The Catholic Church of Nicaragua had started the celebrations of Holy Week without processions in the streets the day before, after the prohibition of the regime led by Daniel Ortega and his wife, Rosario Murillo.

The dictatorship —through its repressive arm, the National Police— has prohibited the Church from taking the saints to the streets since last February, when it did not authorize them to celebrate the Stations of the Cross processions during Lent. The police order was adopted after the president of Nicaragua and Supreme Chief of the National Police, Daniel Ortega, branded priests, bishops, cardinals and Pope Francis as a “mafia”.

The Bishop of the Diocese of León and Chinandega, René Sócrates Sándigo, explained then that the police authority only authorized the Via Crucis to be carried out internally or in the atrium of the parishes, but not in the streets.

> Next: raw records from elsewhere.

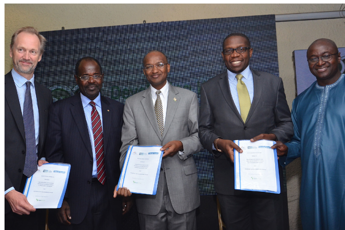
Photo from the launch of the Green Bonds Programme Kenya held at the Hilton Hotel, Nairobi, on 31 st March 2017

Once the studies are published, the programme will organise sector-specific workshops to publicise the findings and raise the profile of these green investment opportunities in Kenya. It is hoped that there may be further opportunity to expand and include other “green” sectors such as green affordable housing in future research pieces.
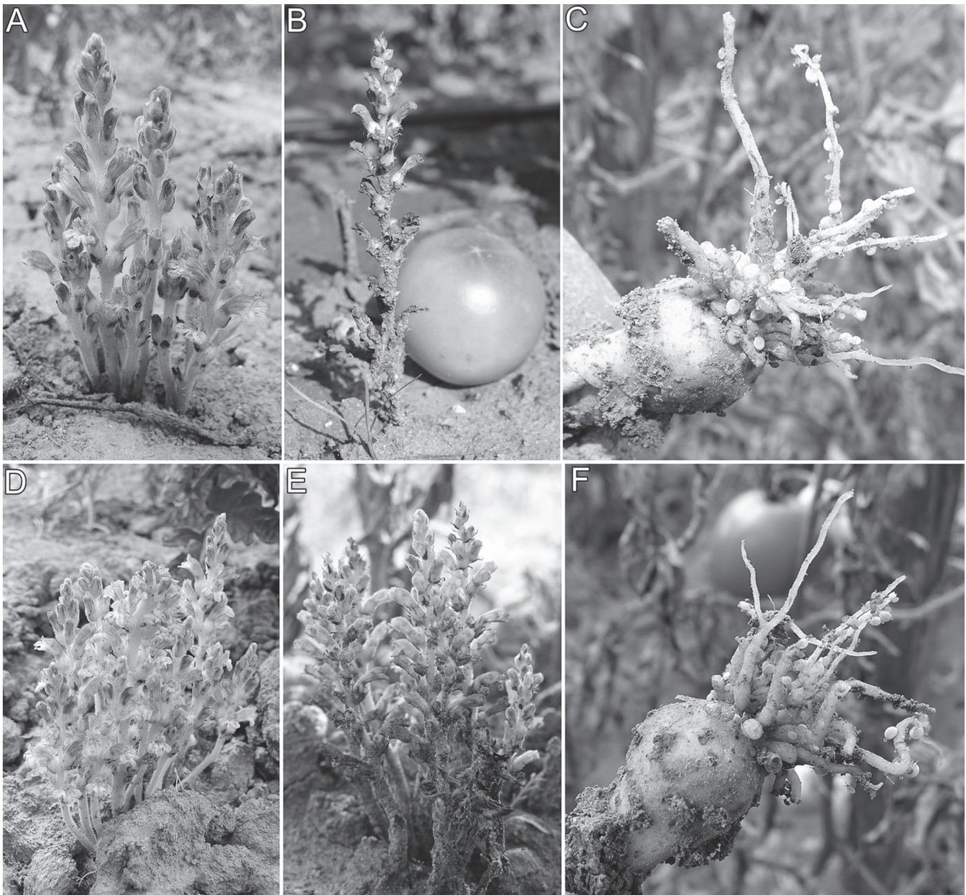
Fig. 1. General habit of the holoparasitic broomrape Phelipanche ramosa : noninfected plant (A, D), plant weakened by aphids infection (B, E), Smynturodes betae feeding haustoria of broomrape (also visible are Lasius sp. ants) (C, F).
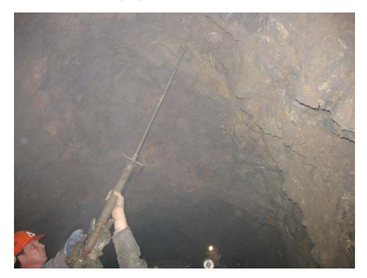
Figure 3 - Mounting of the fiberglass rockbolt into the excavation drift side wall

After that, rockbolts mounting, using the adapter mounted on the rotary hammer, was done. The average time for placing was max. t = 30 s. After installing and setting resin capsules, they are now "pulling out" the rockbolts, due to check the rockbolt capacity. Loading capacity of rockbolts was measured by the hydraulic cylinder, so called "pull tester". First, we made the determination of rockbolts tensile strength, and then we check the properties of tear sternght of the fiberglass rockbolts.
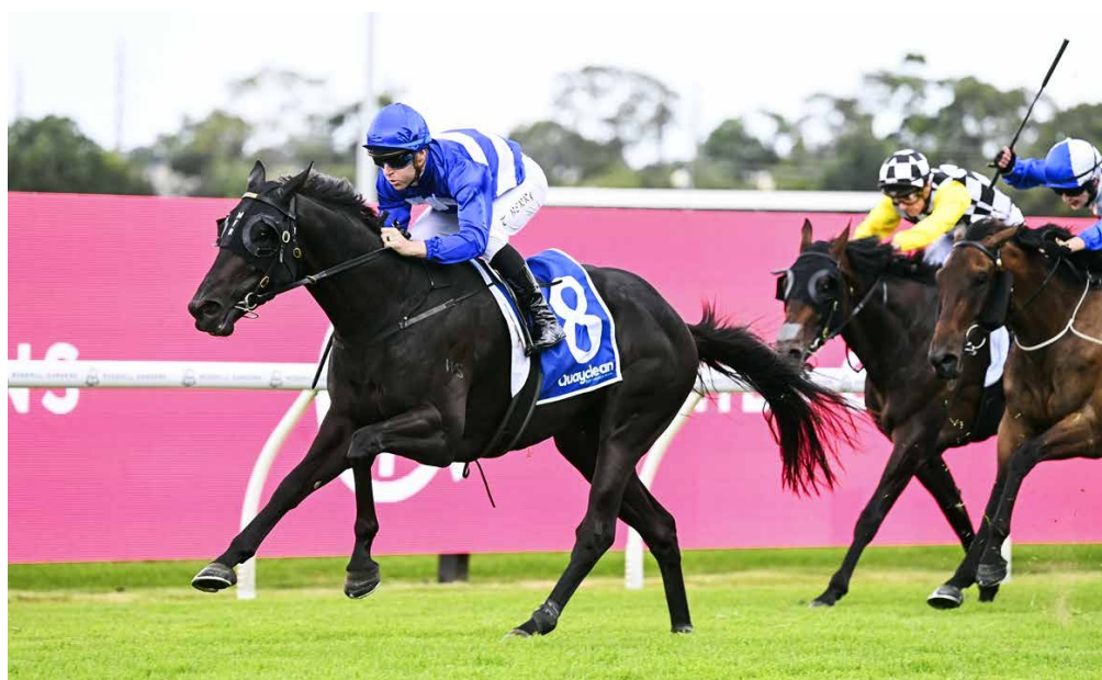
Exciting Savabeel three-year-old Wymark runs out a strong winner at Rosehill.
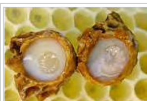
Queen larvae floating on royal jelly in opened queen cups laid on top of wax comb.

When conditions are favorable for swarming, the queen will start laying eggs in queen cups. A virgin queen will develop from a fertilized egg. The young queen larva develops differently because it is more heavily fed royal jelly, a protein-rich secretion from glands on the heads of young workers. If not for being heavily fed royal jelly, the queen larva would have developed into a regular worker bee. All bee larvae are fed some royal jelly for the first few days after hatching but only queen larvae are fed on it exclusively. As a result of the difference in diet, the queen will develop into a sexually mature female, unlike the worker bees.
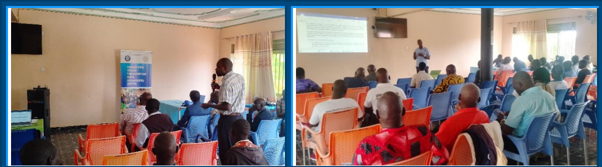
Participants from the West Nile Sub-region, representing Nebbi, Pakwach, Zombo, Yumbe, and Maracha Districts, during the regional reflection meeting held at Happy Hotel in Nebbi Municipality.
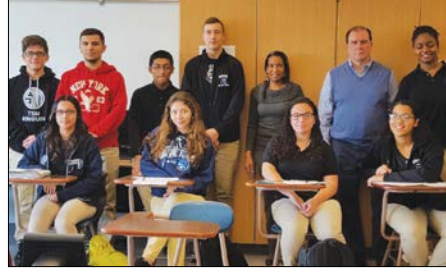
Harrison High School STEM Academy students taking Dual Enrollment Courses through Project L.E.A.P.

HCCC's L.E.A.P. has developed its first STEM cohort program, in partnership with Harrison High School. The Harrison STEM Academy students are enrolled in two college courses this spring, 2016 semester. The students are slated to enroll in three more college courses for the Fall 2016 and Spring 2017 semesters. By the time each of these students graduate high school, they will have accumulated a total of 18 college credits.
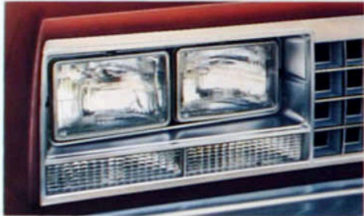
New hi-lo beam halogen headlamps
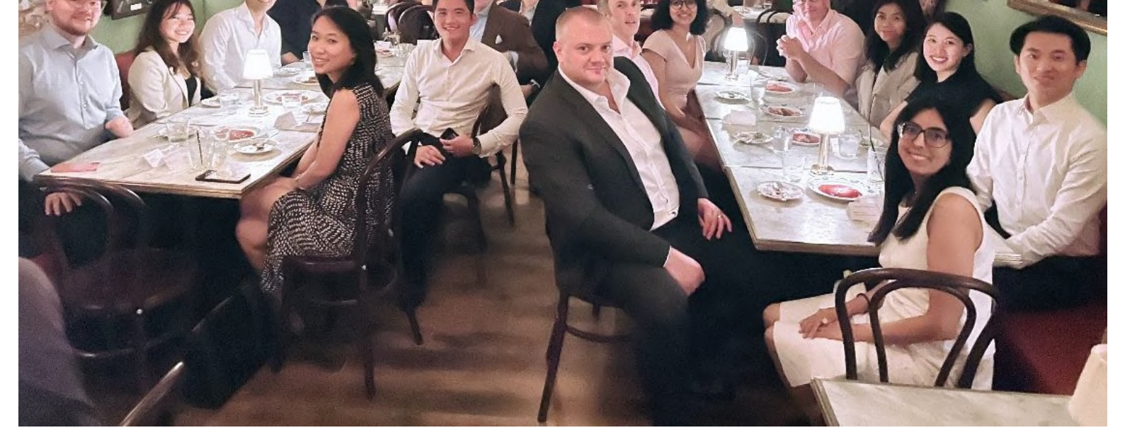
CIArb Singapore - YMG Supper Club (1 June 2023)
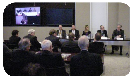
video-linked transatlantic roundtable of experienced emergency arbitrators and counsel in London and New York
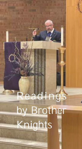
Readings by Brother Knights
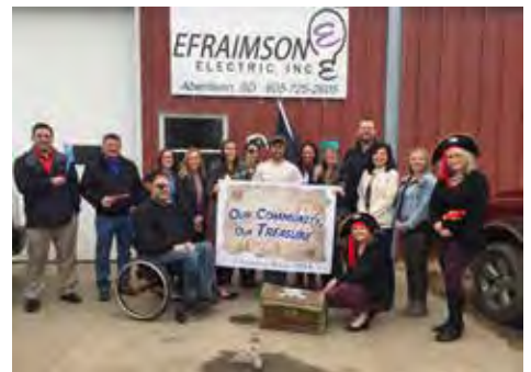
Eframson Electric, Inc.

The researcher Martha Patricia Molina calculates that more than 30 processions have been canceled so far this year, although she clarifies that “it is a conservative number”, taking into account that only the Archdiocese of Managua administers 118 parishes in the departments of Managua, Masaya and Carazo, and each one has its respective celebrations, in addition to the traditions of Holy Week.

In mid-March, the Vatican closed its diplomatic headquarters in Nicaragua, and its charge d’affaires in Managua, Monsignor Marcel Diouf, left the Central American country.

The Holy See made that decision after the Nicaraguan government unilaterally suspended, in mid-March, diplomatic relations with the Holy See, after Pope Francis described the regime in Nicaragua as a “Hitlerian dictatorship”, whose top leader , Daniel Ortega, commented —“with great respect”— that he suffers from “an imbalance”.

The holy father branded the Sandinista government in this way a month after the conviction of the Nicaraguan bishop Rolando Álvarez, sentenced to more than 26 years in prison for crimes considered “treason”, and that Ortega called him a “mafia”.